Next, a multicollinearity test was performed on the data. Correlation tests were conducted for variables such as knowledge, attitude, behaviour, grade, age, discipline, and gender (see Table 2 for correlation results). The mean knowledge, attitude and behaviour were discovered to be significantly positive and highly correlated ( p  < 0.001). There was a significant positive correlation between grade and age ( p  < 0.001), and they showed significant negative correlations with mean knowledge, attitude, and behaviour ( p  < 0.001). Therefore, grade and age as independent variables were considered covariables. To test the effect of grade, age has to be controlled.

As a result, the regression analysis hypothesis was completely satisfied. Therefore, the data and residuals were normally distributed, with no heteroscedasticity or correlation between regression residuals. The potential collinearity between grade and age was identified, but it could be accommodated in the proposed regression model by controlling for the latter.

4.5 Data analysis

A multivariate regression model was used to examine the effects of different grade levels and levels of work exposure on mean score of knowledge, attitude, and behaviour, with gender, age, and discipline controlled, as detailed below according to the corresponding assumptions. For simplicity, the changes are illustrated in Figs. 2 , 3 , and 4 ).

Means of cybersecurity knowledge across groups

Means of cybersecurity attitude across groups

Means of cybersecurity behaviour across groups

University students of different years of study, postgraduate students and working graduates will display differing cybersecurity knowledge.

H1 was verified. There were significant differences between the knowledge of postgraduate students ( M  = 3.53, SD = 0.47) and non-final-year university students including year 1 students ( M  = 3.72, SD = 0.78) and year 2-3students ( M  = 3.64, SD = 0.77). Moreover, the knowledge of postgraduate students was found to be different from final-year ones ( M  = 3.57, SD = 0.77). At the same time, the knowledge of postgraduate students was also found to be visibly different from working graduates that contained young working graduates ( M  = 2.63, SD = 0.47) and experienced working graduates ( M  = 2.65, SD = 0.47). For simplicity, the differences in mean values of the three dimensions are illustrated in Table 2 .

H2a was rejected. The attitude of postgraduate students ( M  = 3.73, SD = 0.69) was found to be significantly lower than final-year students ( M  = 3.80, SD = 1.00).

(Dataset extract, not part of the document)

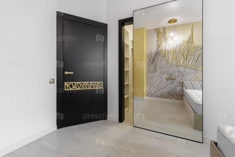 Современное фойе спальни с минималистской черной дверью со золотой геометрической инкрустацией и большим безрамным напольным зеркалом, отражающим стильную кровать и художественный декор стен
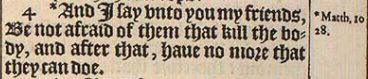 4 *And I say vnto you my friends, Be not afraid of them that kill the body, and after that, haue no more that they can doe.[*Matth. 10 28.]

H2b was verified. The attitude of postgraduate students was found to be significantly higher than young working graduates ( M  = 2.73, SD = 0.32) and experienced working graduates ( M  = 2.73, SD = 0.36).

H2c was rejected. The attitude of postgraduate students was found to be significantly lower than year 1 students ( M  = 3.88, SD = 1.00), and year 2–3students ( M  = 3.77, SD = 1.02).

H3a was verified. The behaviour of postgraduate students ( M  = 3.54, SD = 0.47) was found to be significantly higher than final-year ones ( M  = 3.39, SD = 0.82).

H3b was verified. The behaviour of postgraduate students was found to be significantly higher than working graduates containing young ( M  = 2.83, SD = 0.28) and experienced ( M  = 2.88, SD = 0.28).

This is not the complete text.